**ACTION ITEM:** Pictures stay out; print the rest of the listing below exactly as it stands.

=== GIVEN INFORMATION ===

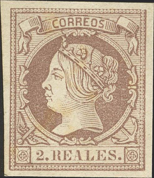 (★) 56. 1860. 2 lilac reales (usual conservation). MAGNIFICENT. Cert. EMF.
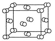 Рис. 23. Кристалічна ґратка йоду(гранецентрований куб), утворена двоатомними молекулами.
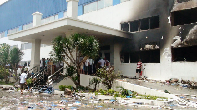 英国放送協会(BBC)によると、南部の工業団地では、少なくとも外資系の15の工場で放火があった。
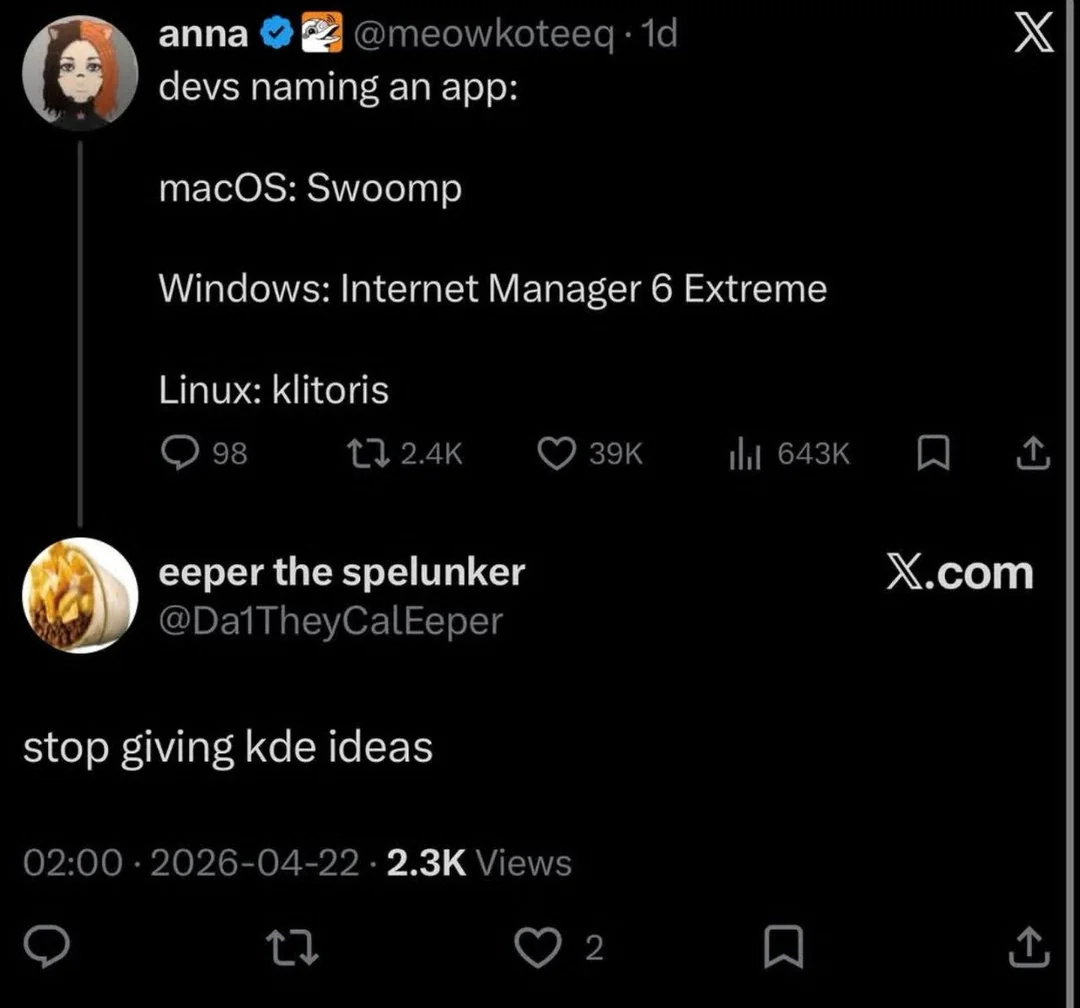 Horny teenage joke was just for surprise lolz I think, not a comment about KDE-involved names being horny (I think, every time I say something like this in any domain I end up learning about things I wish I hadn’t lol)

===

**SOLUTION TO THIS TASK:**
 (★) 56. 1860. 2 lilac reales (usual conservation). MAGNIFICENT. Cert. EMF.
 Рис. 23. Кристалічна ґратка йоду(гранецентрований куб), утворена двоатомними молекулами.
 英国放送協会(BBC)によると、南部の工業団地では、少なくとも外資系の15の工場で放火があった。
 Horny teenage joke was just for surprise lolz I think, not a comment about KDE-involved names being horny (I think, every time I say something like this in any domain I end up learning about things I wish I hadn’t lol)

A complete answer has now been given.